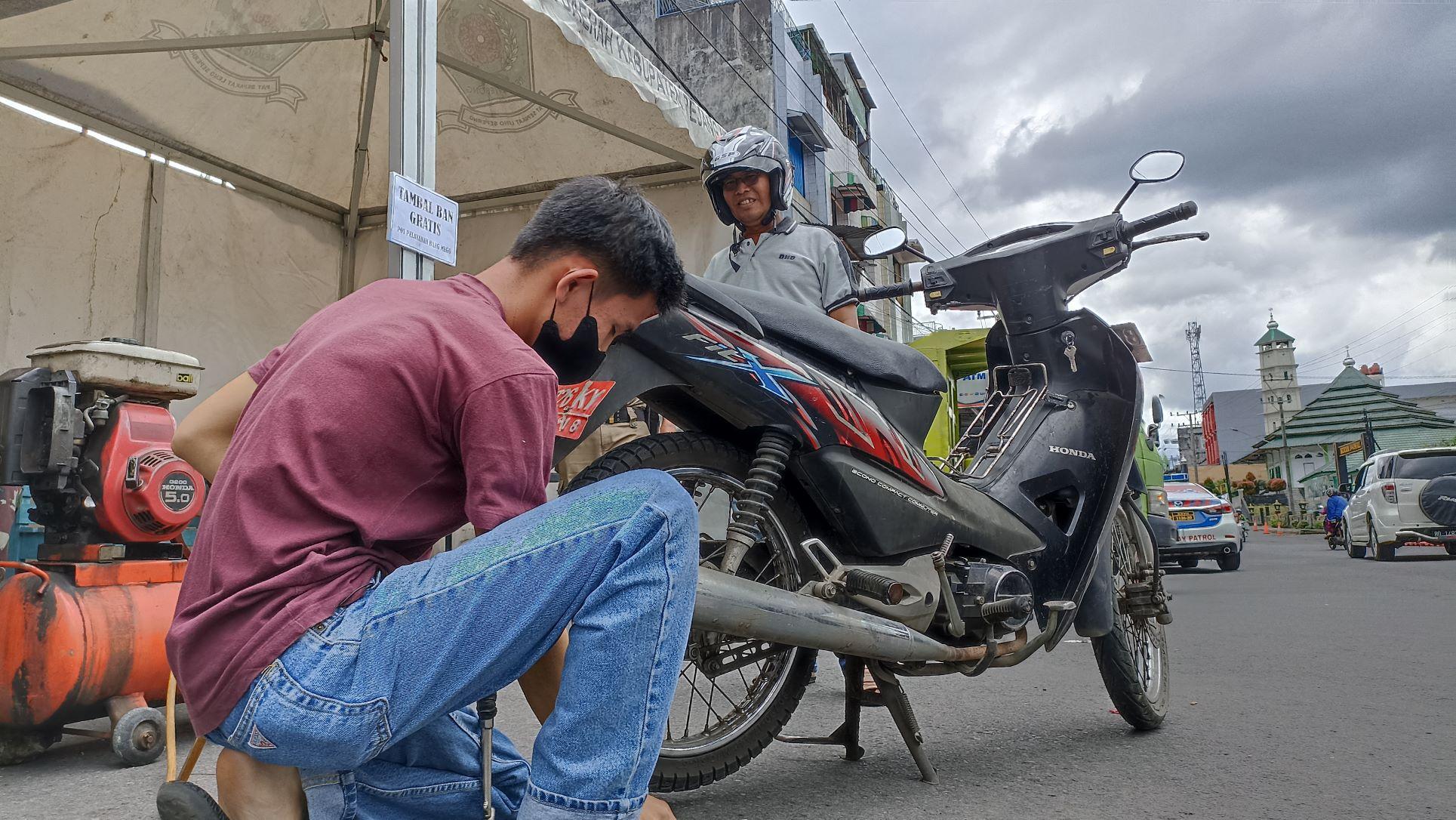 Salah satu Pos pelayanan yang ada di kawasan Bang Mego Curup, Kabupaten Rejang Lebong ini misalnya. Mulai dari peralatan tampal ban seperti, cup, cukit kompor, kanisir hingga kompresor ada, termasuk tukang tampal ban.
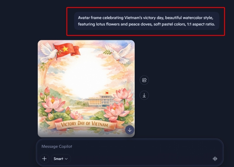 - Prompt 2 (Phong cách nghệ thuật): Avatar frame celebrating Vietnam’s victory day, beautiful watercolor style, featuring lotus flowers and peace doves, soft pastel colors, 1:1 aspect ratio.
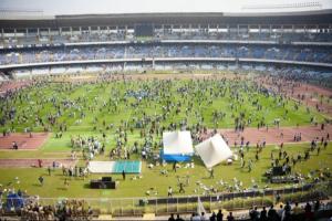 球迷對(duì)當(dāng)?shù)毓賳T發(fā)出噓聲、丟水瓶,最終大批球迷沖進(jìn)場(chǎng)內(nèi)對(duì)體育場(chǎng)進(jìn)行破壞。

---+---

**WORK ITEM:**
The answer must be the full listing above, copied exactly, with no pictures in it.

**WRITTEN SOLUTION:**
 Salah satu Pos pelayanan yang ada di kawasan Bang Mego Curup, Kabupaten Rejang Lebong ini misalnya. Mulai dari peralatan tampal ban seperti, cup, cukit kompor, kanisir hingga kompresor ada, termasuk tukang tampal ban.
 - Prompt 2 (Phong cách nghệ thuật): Avatar frame celebrating Vietnam’s victory day, beautiful watercolor style, featuring lotus flowers and peace doves, soft pastel colors, 1:1 aspect ratio.
 球迷對(duì)當(dāng)?shù)毓賳T發(fā)出噓聲、丟水瓶,最終大批球迷沖進(jìn)場(chǎng)內(nèi)對(duì)體育場(chǎng)進(jìn)行破壞。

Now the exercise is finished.